To Cuba, and why we love it

I don’t know whether it’s the architecture, the burst of vibrant colors, the Caribbean climate or the warmth of its people, singing and dancing every chance they get, but Cuba, the alligator shaped island just 90 miles South of Florida, is the most captivating place I’ve ever been. And I don’t say this because everyone else does. It just is.


My love affair started in 2014, when as an American citizen, I joined a people-to-people tour journeying from Havana all the way to Guantanamo, the easternmost province. Despite initial doubts, the structured tour afforded me the opportunity to meet some incredible artists and communities I wouldn’t have otherwise met as a tourist: music students, ballet dancers, cuentapropistas (Cuba’s self-employed entrepreneurs) and more; the common thread, unrelenting passion. It was an intense 13 days that opened my eyes to the magic of Cuba and the intricacies of its history, starting with the allure of Havana and on to the artists of Camagüey, the Afro-Cuban vibe of Santiago de Cuba, and lush remoteness of Baracoa.

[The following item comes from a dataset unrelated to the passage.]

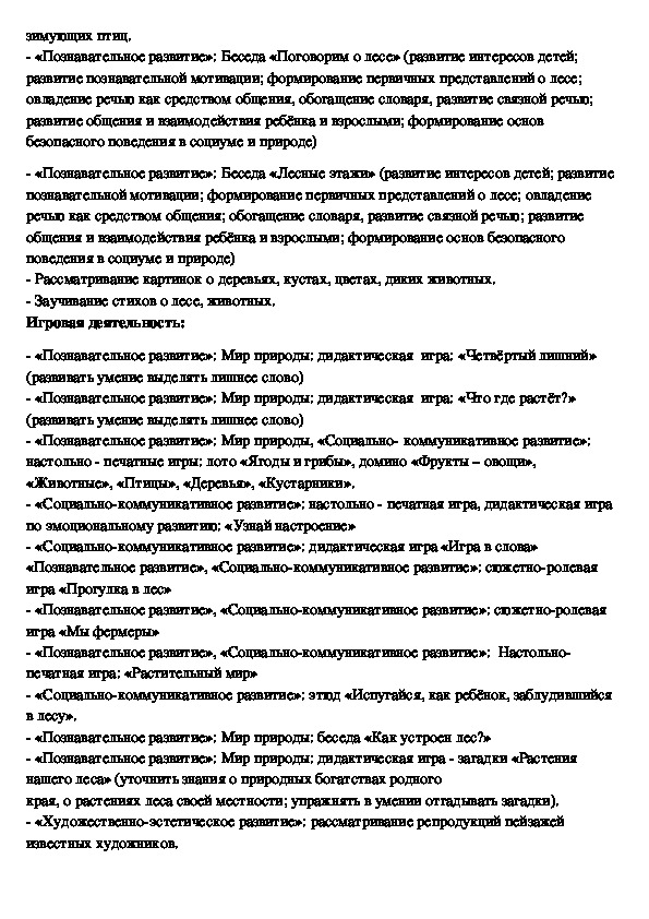 «Познавательное развитие» Ознакомление с миром природы: НОД «Лес – царство

This summer, as Cuba further nurtured diplomatic relations with the United States, I excitedly returned to the island. This time, I traveled west to Pinar del Rio, and then on to Cienfuegos, Trinidad and Bay of Pigs. The biggest difference, aside from the changes occurring on the Caribbean nation, was entering with my Romanian passport. I wanted a different perspective, which proved just as valuable. While I missed some of the first-hand interaction with Cuban communities on my previous visit, this time around I was free to go wherever I wanted, whichever beach or museum. I stayed in casas particulares (privately-owned houses open for tourists) instead of hotels. I went local, still, in a different way. I loved the mogotes (limestone formations) and guajiros (farmers) of Viñales and swimming in the Bay of Pigs. Looking back, this trip was just as rich as my first.


But most importantly, I realized that regardless of my passport or the two eventful years that passed, Cuba remained in essence the same: vibrant, welcoming and wholehearted. Yes, there’s some real change to be seen: better, cheaper Wi-Fi in hotspots around the country, landmarks refurbished, new hotel sites and ever-booming tourism. Frenzied energy is palpable on the streets of Havana, and so are higher prices. But Cuba, at its core, with all its controversies and irresistible pull, won’t be changing any time soon. Go now, go whenever. Cuba is, and will remain, unrelenting passion.